It wasn't just a one-day event. According to Sifrei Bamidbar, the book of Numbers, the seven days leading up to the dedication were a whirlwind of activity.

Every single morning for seven days, Moses would assemble the mishkan, anoint it with oil, and then… dismantle it again. Can you picture the scene? All that work, day after day! Then, on the eighth day, he finally set it up for good. Well, mostly. Rabbi Yossi b. R. Yehudah adds a twist: even on that eighth day, Moses still anointed it and dismantled it one last time.

So, when did all this take place? (Exodus 40:17) tells us the mishkan was established on the first day of the first month – Nissan – in the second year after the Exodus. Sifrei Bamidbar then lays out a detailed timeline. The anointing of Aaron and his sons, along with all the vessels, began on the twenty-third of Adar (the month before Nissan). Then, on Rosh Chodesh Nissan, the new month, the mishkan was finally established. The very next day, the second of Nissan, the red heifer – the parah adumah – was burned. And on the third, its waters were sprinkled, as described in (Numbers 8:7). It was a flurry of sacred action!

The significance of that first day of Nissan? Huge! Sifrei Bamidbar emphasizes that it was "the first of all the days of the year." It was a day of firsts. That’s when the Shechinah – the Divine Presence – came to rest in the House. Remember the verse in (Exodus 40:35)? "And Moses could not enter the tent of meeting…" That was that day. And it was also the day the tribal leaders began bringing their offerings, as (Numbers 7:12) says.

And then… fire. Fire came down from heaven and consumed the offerings on the altar, just as we read in (Leviticus 9:24). A truly awe-inspiring moment! But alongside that incredible miracle came tragedy.

On that very same day, Nadav and Avihu, the sons of Aaron, offered "a strange fire" before the Lord – an esh zarah, as (Leviticus 10:1) calls it – and they died. A devastating blow. The verse reads, "their death was 'before the Lord' and their falling was outside." Where exactly did this happen? Rabbi Yossi believed an angel held them upright in death until they were outside the inner sanctum, where they then fell in the azarah – the court. That detail, he says, is supported by (Leviticus 10:4) which refers to "before the sanctuary," not "before the Lord." Rabbi Yishmael, however, reads the verse differently. He believes they died and fell within the sanctuary, and were then dragged out with iron hooks. A grim image.

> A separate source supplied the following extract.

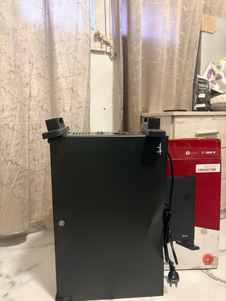 Convector Jata JCCV2314 en color negro. Cuenta con tres potencias de calor y es silencioso, esta nuevo sin usar solo sacado de la caja para hacer las fotos, tiene una abolladura se ve en la imagen 4 - Potencia: 2000 W - Modelo: JCCV2314 - Color: Negro - Silencioso - 3 potencias de calor

And what about the anointing itself? The text raises an interesting question: Were the vessels anointed individually? No, Sifrei Bamidbar clarifies. They weren’t consecrated until all of them had been anointed. And the anointing was thorough, both inside and out. But even here, opinions differ. Rabbi Yoshiyah thought that vessels for wet measures were anointed inside and out, while those for dry measures were only anointed inside. Rabbi Yonathan, however, argued that wet-measure vessels were anointed only inside, while dry-measure vessels weren't anointed at all! He bases this on (Leviticus 23:17), which describes loaves baked as first fruits "to the Lord" after they are baked, implying they aren't anointed beforehand.

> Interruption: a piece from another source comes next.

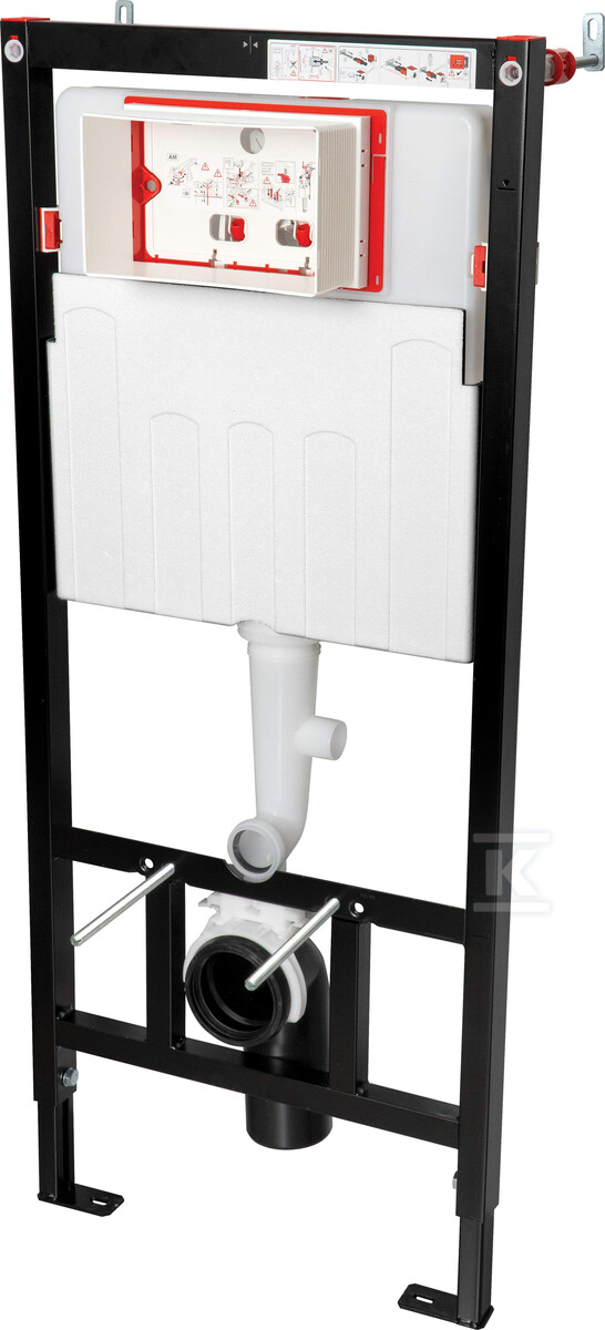 Каркас розроблено з урахуванням простоти монтажу та широкої сумісності. Міцна сталева рама забезпечує стабільність всієї конструкції, а можливість регулювання висоти (до 200 мм) дозволяє адаптувати її до індивідуальних потреб. Можливість обшивки як легкими перегородками, так і несучими стінами дає велику свободу в плануванні. Додаткова ущільнювальна прокладка зменшує шум під час змиву та наповнення бачка, що підвищує комфорт використання.

Finally, Rebbi asks a crucial question: Why repeat "and he anointed them and consecrated them"? Isn’t it already stated? The answer? This repetition teaches us that the anointing of these initial vessels consecrated all future vessels. They wouldn't need individual anointing.

So, what do we take away from this detailed account of the mishkan's dedication? It wasn't just a simple ceremony. It was a complex, many-sided event, filled with joy, sorrow, and profound spiritual significance. It reminds us that even in moments of great celebration, tragedy can strike, and that meticulous detail and differing interpretations are all part of the tradition of our tradition. And perhaps most importantly, it shows us the enduring power of dedication and the transformative potential of sacred space.